## WORK TO COMPLETE:
In the material below, the required lines run from the one containing "BLUE CAMPAIGN BUTTON" through the one containing "Flat Feet Shoes". Copy those lines exactly, ends included, and nothing else.

## SUPPLIED RECORDS:
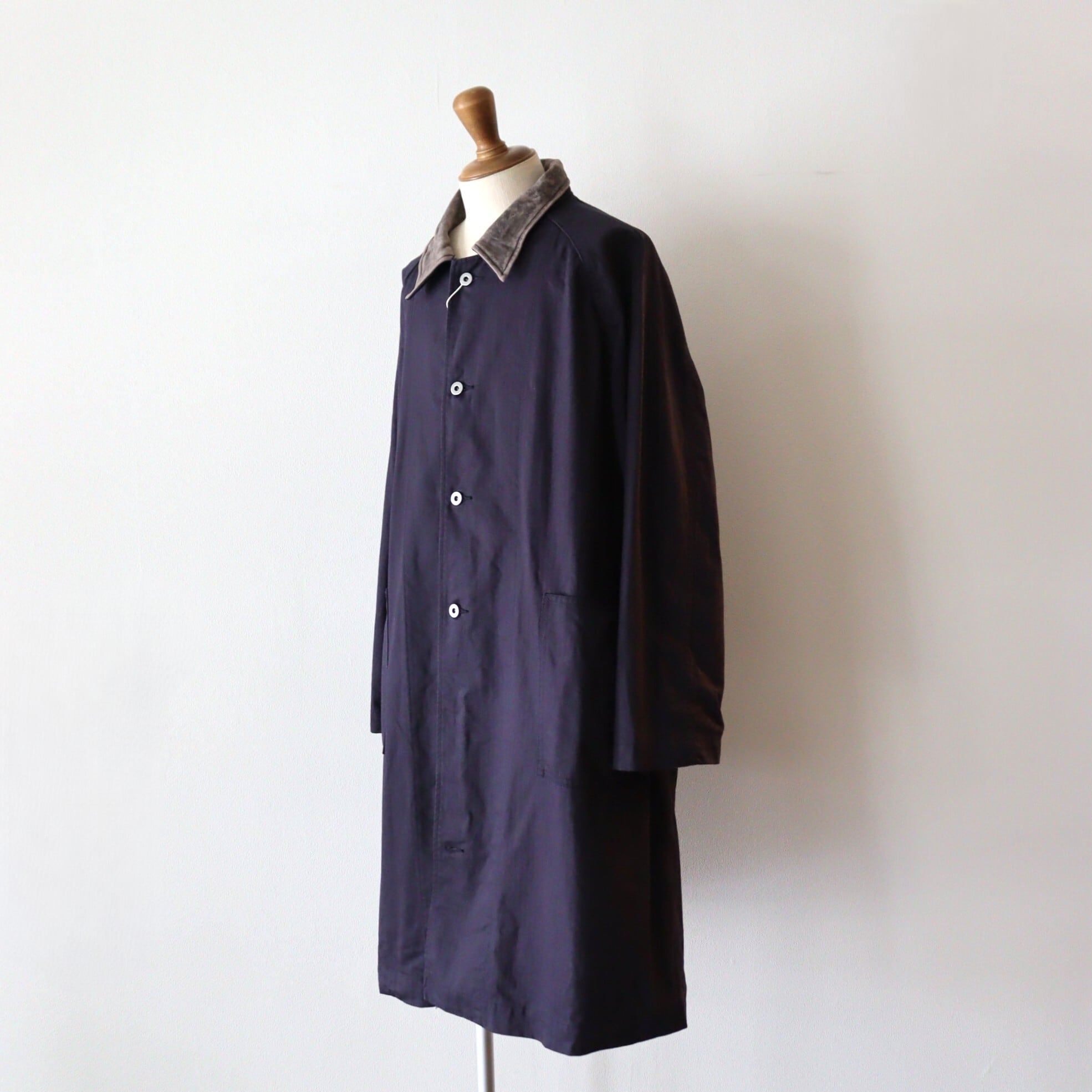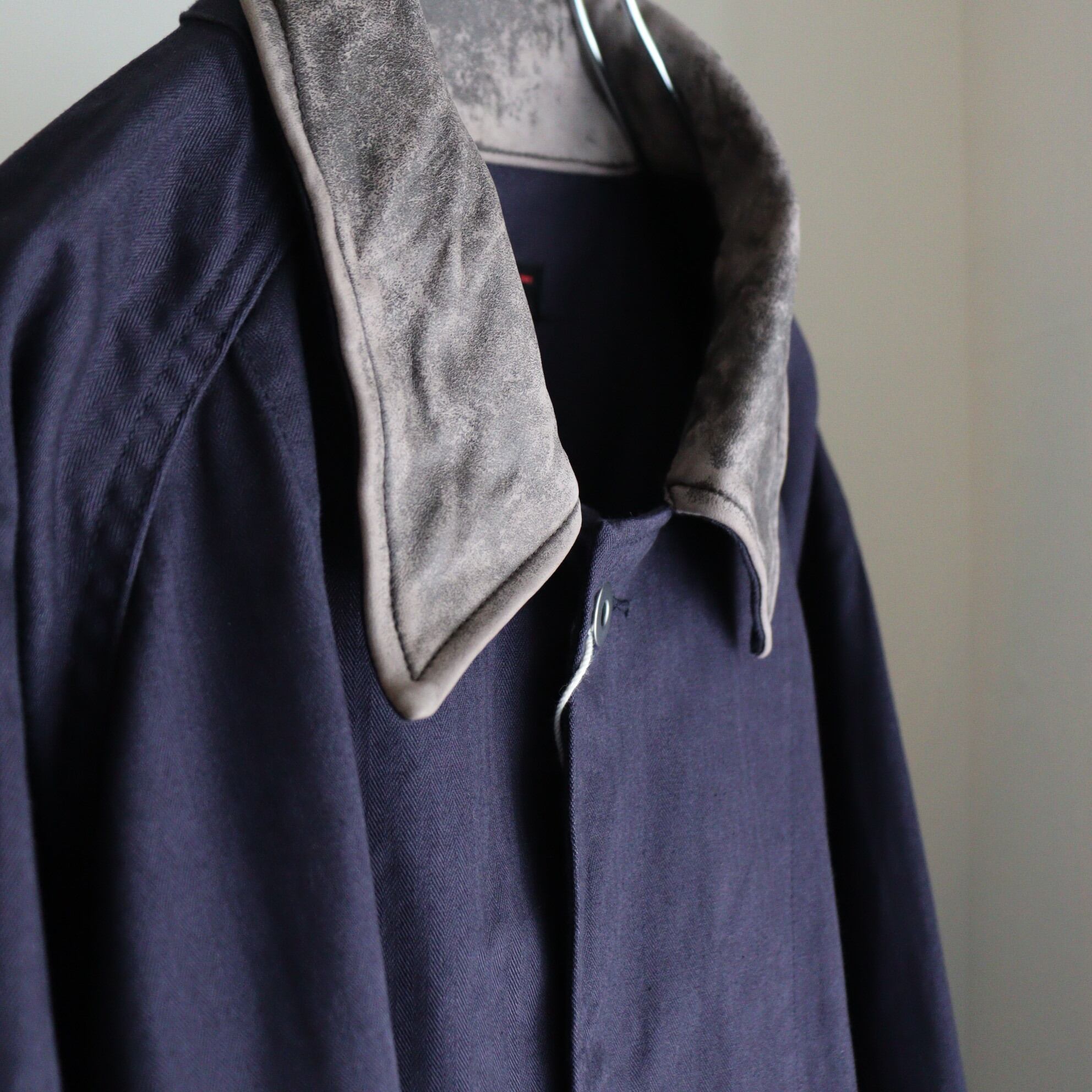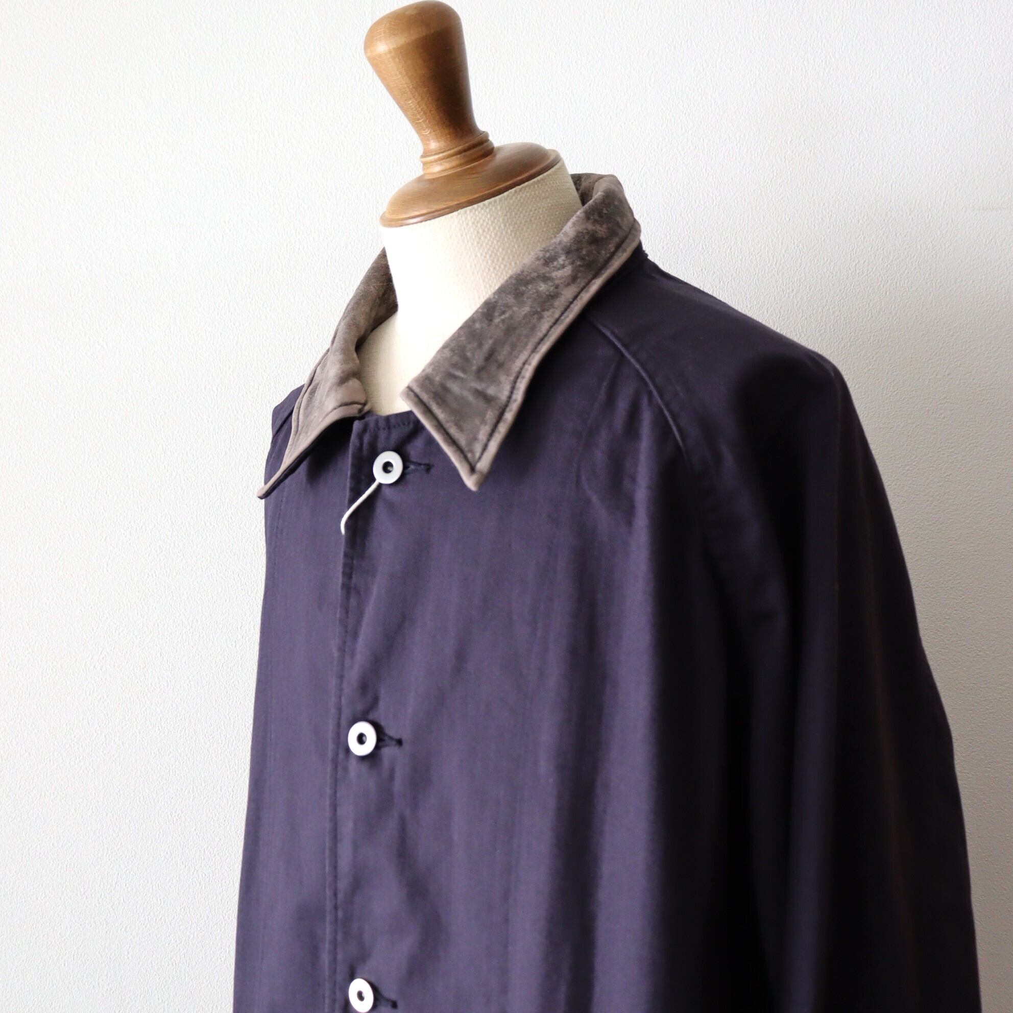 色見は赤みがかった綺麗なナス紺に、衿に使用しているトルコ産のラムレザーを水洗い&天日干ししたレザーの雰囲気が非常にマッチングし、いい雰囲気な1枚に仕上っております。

==

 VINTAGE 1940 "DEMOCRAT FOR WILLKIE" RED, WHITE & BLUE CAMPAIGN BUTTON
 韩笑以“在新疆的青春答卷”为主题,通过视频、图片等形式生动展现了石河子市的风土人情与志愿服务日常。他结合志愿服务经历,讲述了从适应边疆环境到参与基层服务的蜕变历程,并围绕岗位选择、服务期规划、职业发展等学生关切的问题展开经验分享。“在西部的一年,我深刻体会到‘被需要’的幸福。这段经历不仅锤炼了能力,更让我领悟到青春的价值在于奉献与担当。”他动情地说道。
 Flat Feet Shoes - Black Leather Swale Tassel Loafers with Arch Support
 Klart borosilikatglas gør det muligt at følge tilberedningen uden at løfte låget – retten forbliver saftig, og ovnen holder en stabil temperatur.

## SOLUTION TO THIS EXERCISE:
 VINTAGE 1940 "DEMOCRAT FOR WILLKIE" RED, WHITE & BLUE CAMPAIGN BUTTON
 韩笑以“在新疆的青春答卷”为主题,通过视频、图片等形式生动展现了石河子市的风土人情与志愿服务日常。他结合志愿服务经历,讲述了从适应边疆环境到参与基层服务的蜕变历程,并围绕岗位选择、服务期规划、职业发展等学生关切的问题展开经验分享。“在西部的一年,我深刻体会到‘被需要’的幸福。这段经历不仅锤炼了能力,更让我领悟到青春的价值在于奉献与担当。”他动情地说道。
 Flat Feet Shoes - Black Leather Swale Tassel Loafers with Arch Support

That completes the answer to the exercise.